▸ What to work on
A faithful copy of the listing below is needed, with its pictures left out.

▸ Data block

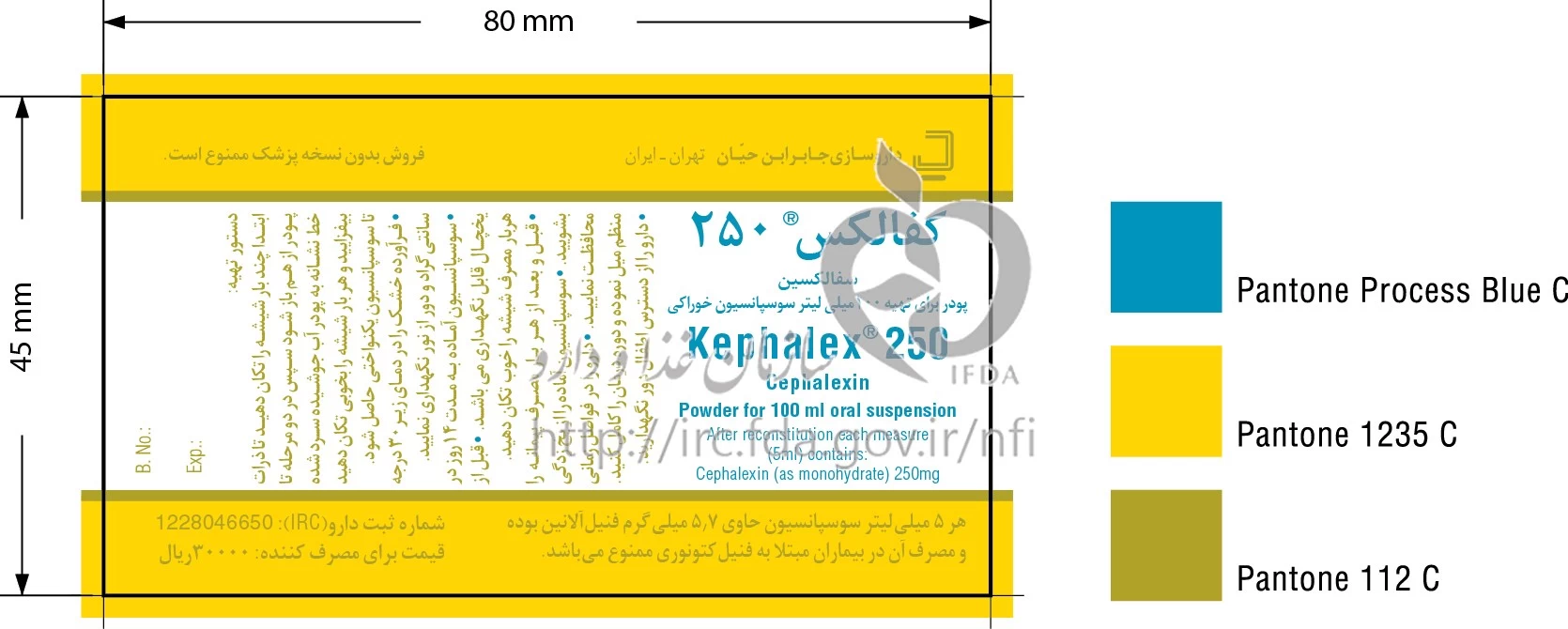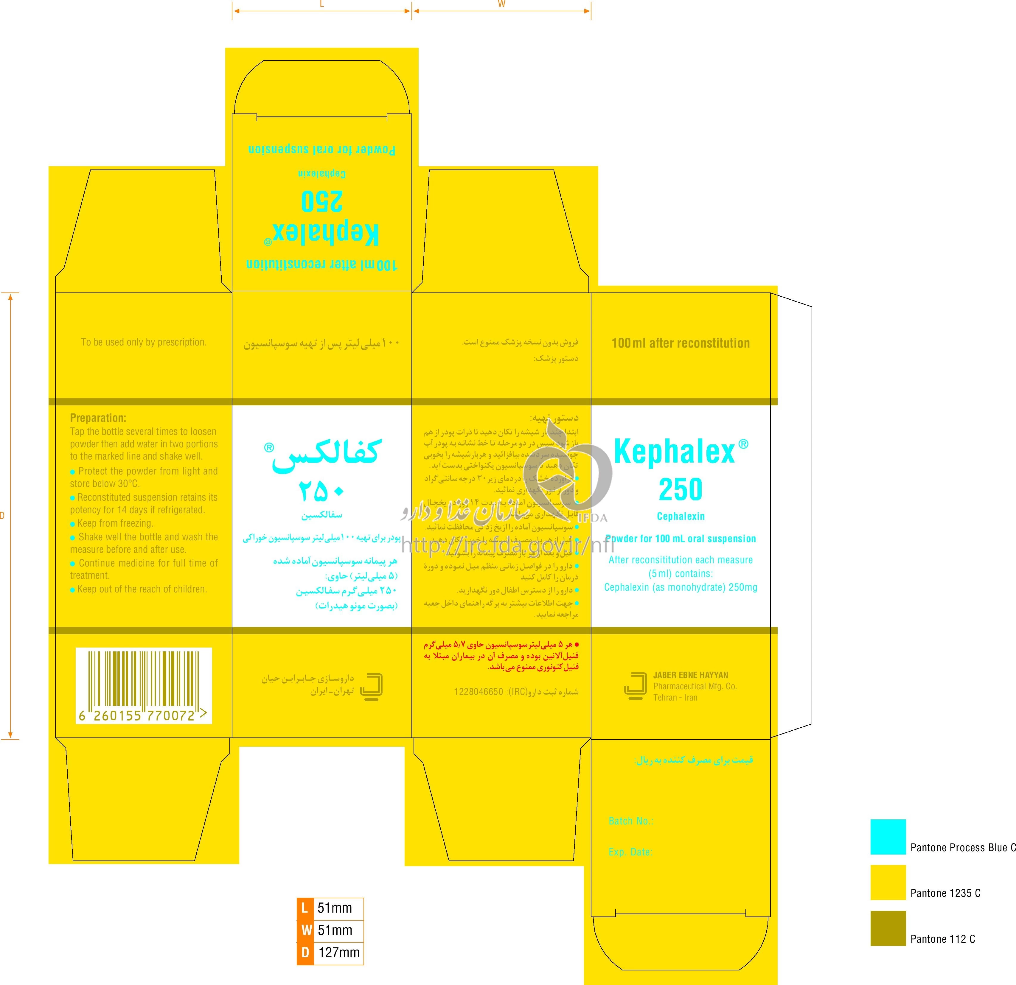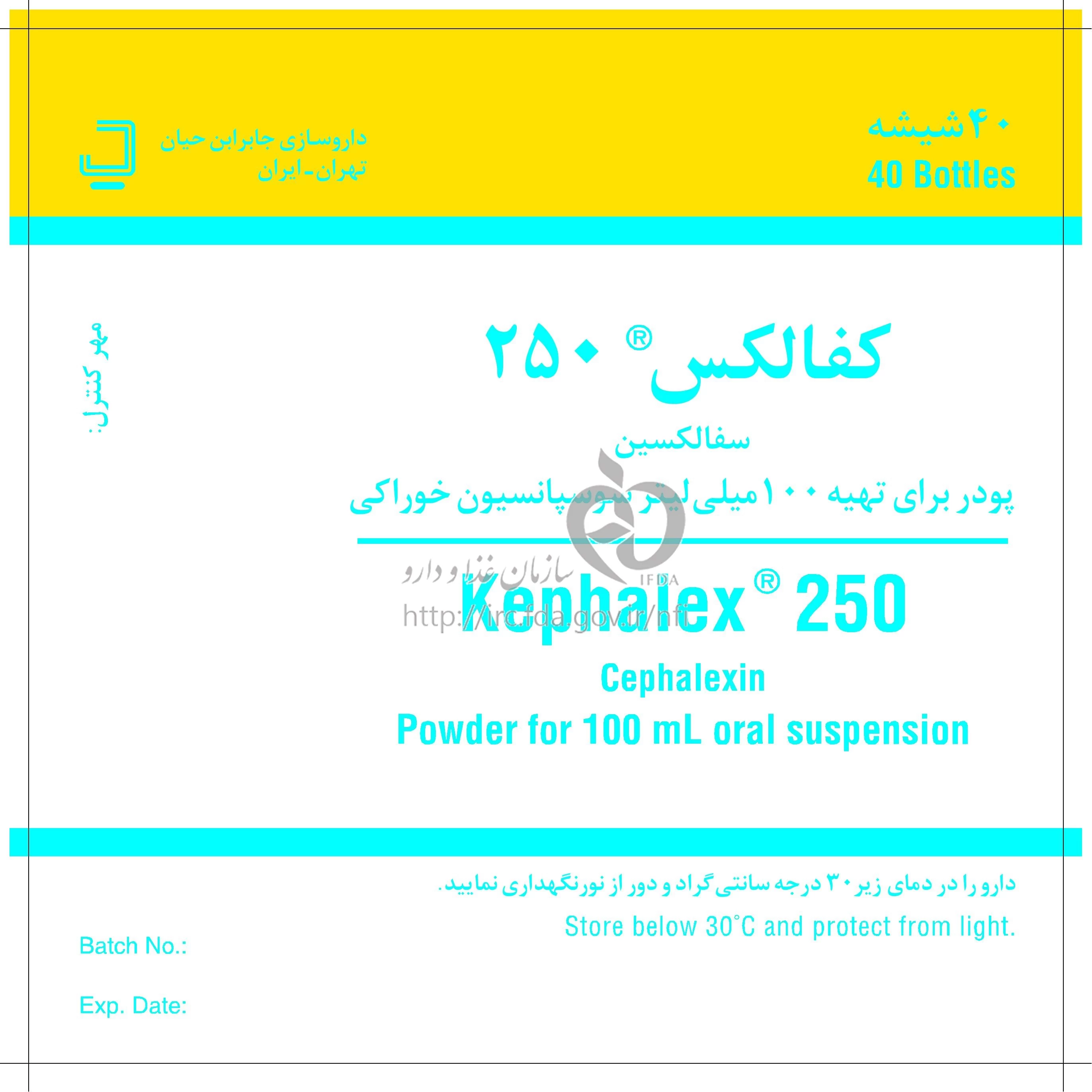 کفالکس پودر برای تهیه سوسپانسیون خوراکی 250 mg/5 mL 100MILLILITER
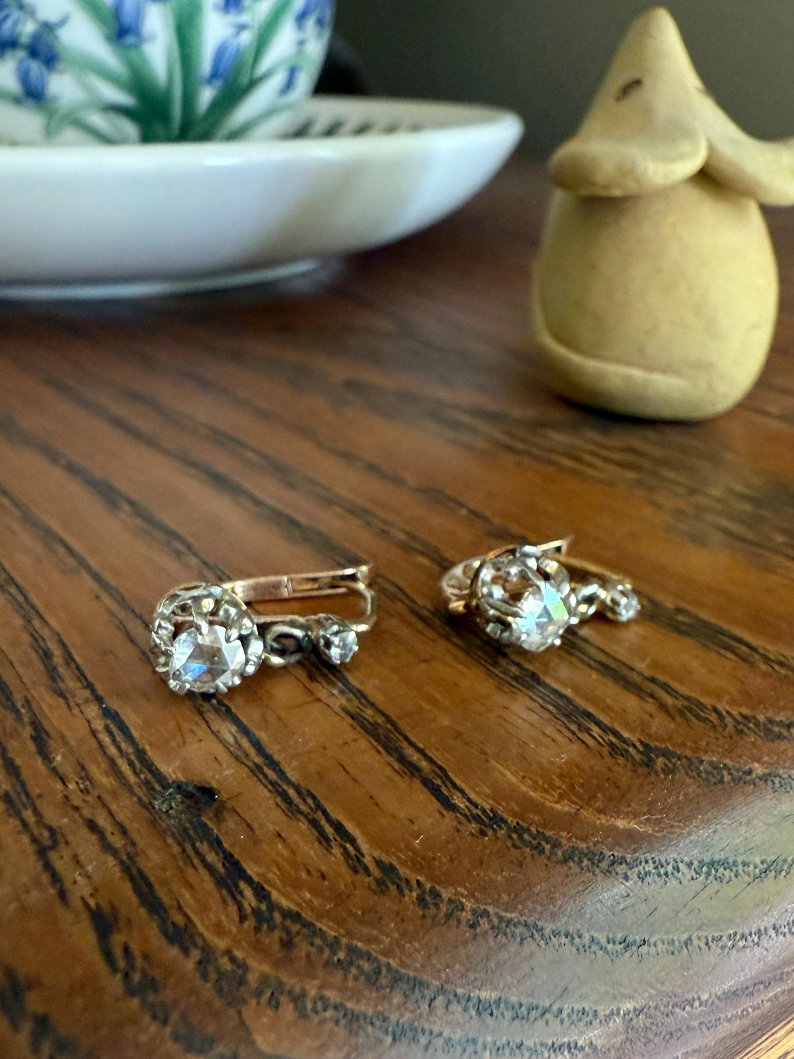 As with all my pieces this is in estate condition. Both stones have nibbles around the outside edge, one worse than the other, it has small chips with loss but the stone is still held in the prongs. But they function well and are very wearable. They have a really great color and clarity (even though they were cut long before the 4 C's ever existed.). The top rose cuts are typical antique diamonds with some warmth due to the setting. The hinges still lock right into place. Beautiful French antique earrings. But my disclaimer as with all my pre-owned pieces - Please note this is not a new / mint condition item. We are talking about 125 year old hinges so they pretty much always need a gentler hand, although these are nice that they are not inserted from behind the ear which are harder to handle in my opinion.
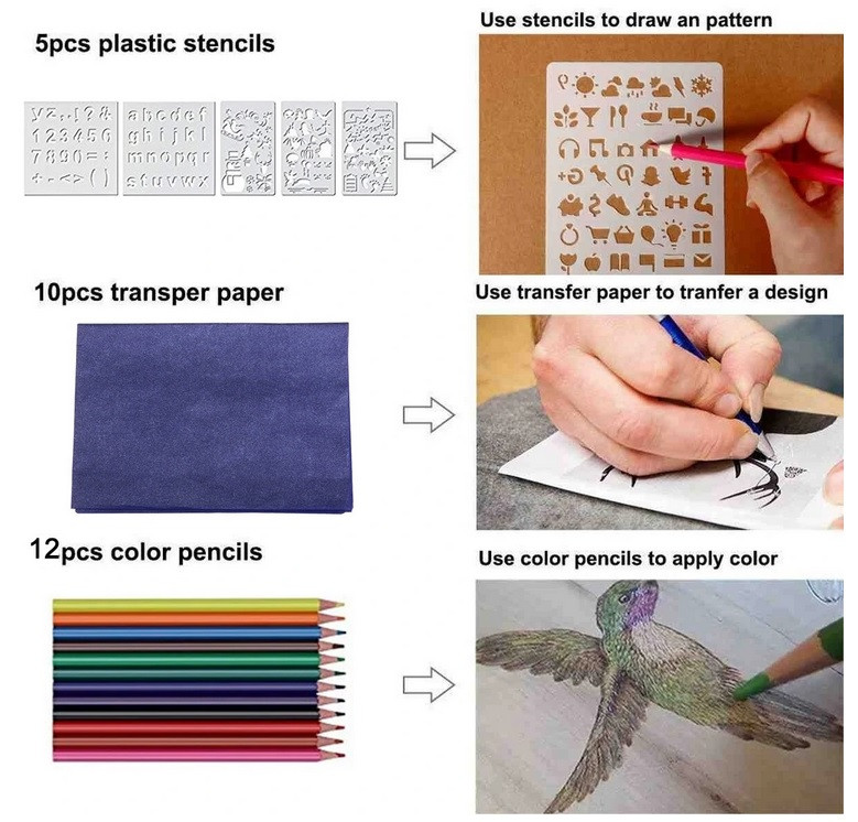 Művészi alkotásokhoz – sablonokkal, színes ceruzákkal akár komplex motívumokat is készíthetsz

▸ Solution
 کفالکس پودر برای تهیه سوسپانسیون خوراکی 250 mg/5 mL 100MILLILITER
 As with all my pieces this is in estate condition. Both stones have nibbles around the outside edge, one worse than the other, it has small chips with loss but the stone is still held in the prongs. But they function well and are very wearable. They have a really great color and clarity (even though they were cut long before the 4 C's ever existed.). The top rose cuts are typical antique diamonds with some warmth due to the setting. The hinges still lock right into place. Beautiful French antique earrings. But my disclaimer as with all my pre-owned pieces - Please note this is not a new / mint condition item. We are talking about 125 year old hinges so they pretty much always need a gentler hand, although these are nice that they are not inserted from behind the ear which are harder to handle in my opinion.
 Művészi alkotásokhoz – sablonokkal, színes ceruzákkal akár komplex motívumokat is készíthetsz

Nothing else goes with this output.